Красота губила меня, ставила преграды на моем пути. Я нравился женщинам, а мужчины бесились от ревности. Жизнь – это театр, говорит мне мама. Она по-своему тоже разыгрывает спектакли. Сын, говорит мне она, ты даже не можешь себе представить, сколько раз я притворялась. Но каждый раз за хорошую игру себе аплодирую только я сама: когда остаюсь одна, я хлопаю себе в ладоши за деньги, которые оказываются в моем кармане. Делай как я – добывай деньги: они и есть аплодисменты.

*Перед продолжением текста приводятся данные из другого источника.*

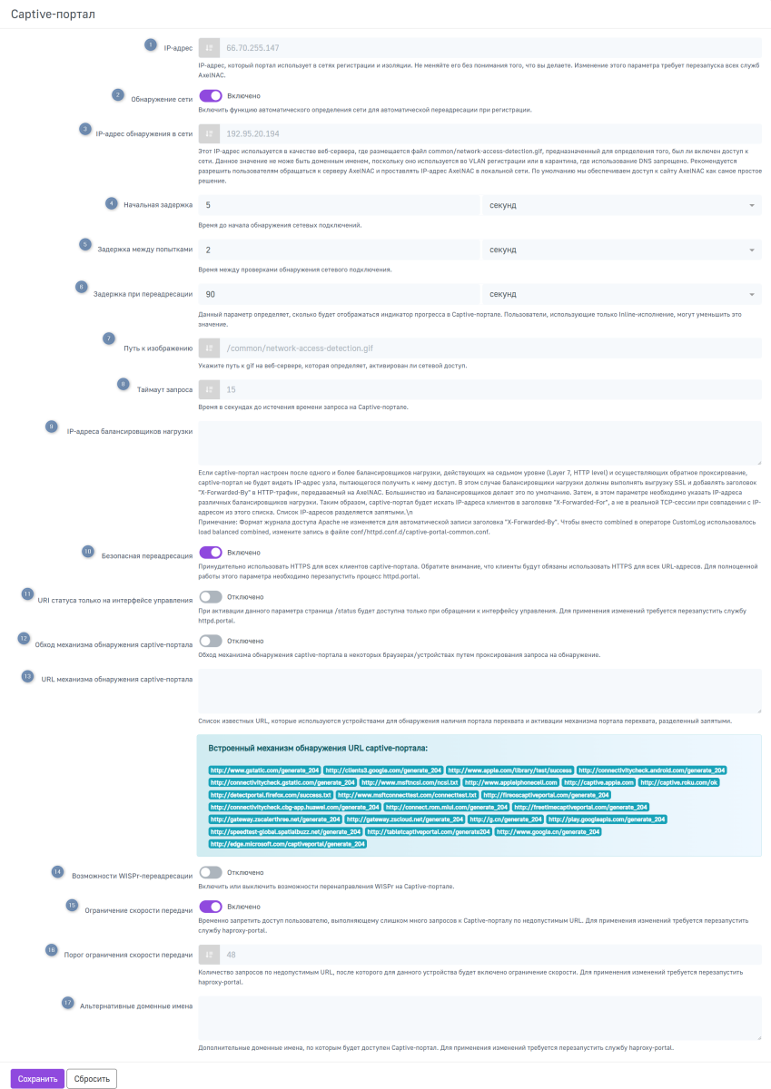 URL механизма обнаружения Captive-портала — список известных URL, которые используются устройствами для обнаружения наличия Captive-портала и активации механизма Captive-портала, разделенный запятыми;
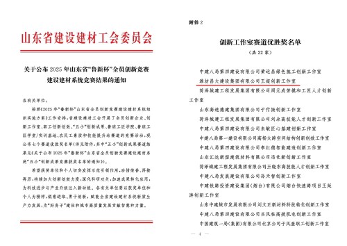 集團(tuán)王超工匠創(chuàng)新工作室獲2025年山東省”魯新杯”全員創(chuàng)新競賽建設(shè)建材系統(tǒng)競賽優(yōu)勝獎
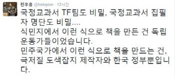 역사학자 전우용씨는 트위터에 “국정교과서 TF팀도 비밀, 국정교과서 집필자 명단도 비밀”이라며 “식민지에서 이런 식으로 책을 만든 건 독립운동가들이었습니다. 민주국가에서 이런 식으로 책을 만드는 건, 극저질 도색잡지 제작자와 한국 정부뿐”이라고 적었다.

Так говорит мама, но я думаю по-другому. По-моему, если ты хороший мастер, тебе должны аплодировать все. Ни одна спесивая скотина не может встать между тобой и успехом, которого ты заслуживаешь. Поэтому я когда-нибудь приобрету себе театральную труппу, а если будет нужно, то и целый театр.
А тогда увидим».
Кончета Иодиче стояла перед маленьким окном, которое выходило в переулок. Было уже поздно, Тонино еще больше часа назад должен был вернуться домой: пиццерия уже давно закрылась.
Он велел ей идти домой без него, сказал, что ему нужно сделать еще одно дело. Кончета никогда не ставила под сомнение приказы мужа, но этот приказ ее встревожил. Она была озабочена.

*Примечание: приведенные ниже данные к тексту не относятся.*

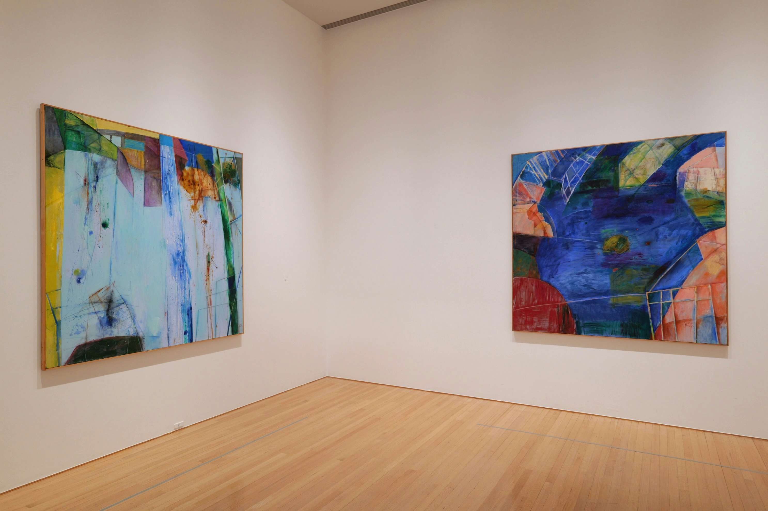 左から《通り過ぎた風景》(1991-1993)、《通り過ぎた風景》(1992-93)。 展示室3には、2000年以降の作品が並ぶ。90年代より櫃田の絵画には青色が目立つようになり、場合によっては旧作に青を描き加えることもあったという。これらは櫃田がスクラップして新聞記事を集めていた水害のニュース、あるいは「愛・地球博」に向けた開発が進む長久手で頻繁に見られた工事用のブルーシートのイメージを投影している可能性が指摘されている。

Чувства хозяина пиццерии легко было угадать именно из-за его веселого нрава. Если что-то шло не так, Кончета и ее старая свекровь Асунта мгновенно замечали это и обменивались многозначительными взглядами, как два сообщника. И вот уже несколько дней обе замечали, что Тонино чем-то расстроен. Обе женщины знали, что дела идут не так хорошо, как они надеялись, и что долг, взятый для открытия пиццерии, был большим. Вероятно, Тонино нервничал именно по этой причине. Он больше не пел во время бритья, поднимался по лестнице медленно, здоровался с ними небрежно, думая о чем-то своем. А накануне дал пощечину старшему сыну за то, что тот громко позвал его. Такого еще никогда не случалось.
Асунта подошла к окну и встала рядом с Кончетой.
– Дети спят. Его не видно?
Кончета, не поворачиваясь к ней, помотала головой. Тревога с каждой минутой все сильнее сжимала ей грудь. Свекровь положила руку ей на плечо, и Кончета тихо пожала руку. Общая любовь, общий страх.
Когда Кончета увидела, что Тонино выходит из-за угла, у нее к горлу подступил ком. Ей стало легче, но лишь на мгновение. Ее муж был похож на старика: он волочил ноги и сутулился. Кончета подбежала к двери и открыла ее; позади нее стояла в тени и ломала себе руки Асунта. Медленные шаги на лестнице, в тишине и мраке старого особняка. Вот он проходит последний марш. Кончета попыталась поймать взгляд Тонино. Она и хотела, и в то же время боялась заглянуть в его глаза.
Тонино, бледный и потный, смотрел перед собой как в пустоту. Из-под берета выбивались прилипшие ко лбу пряди волос. Проходя мимо жены, он слабо сжал ей руку. Кончета почувствовала на своем запястье его горячую ладонь.
– Я плохо себя чувствую; может быть, немного поднялась температура. Пойду лягу в постель.
Кончета смотрела на пол – на то место, по которому только что прошел ее муж. Там остались следы, словно его башмаки в чем-то намокли.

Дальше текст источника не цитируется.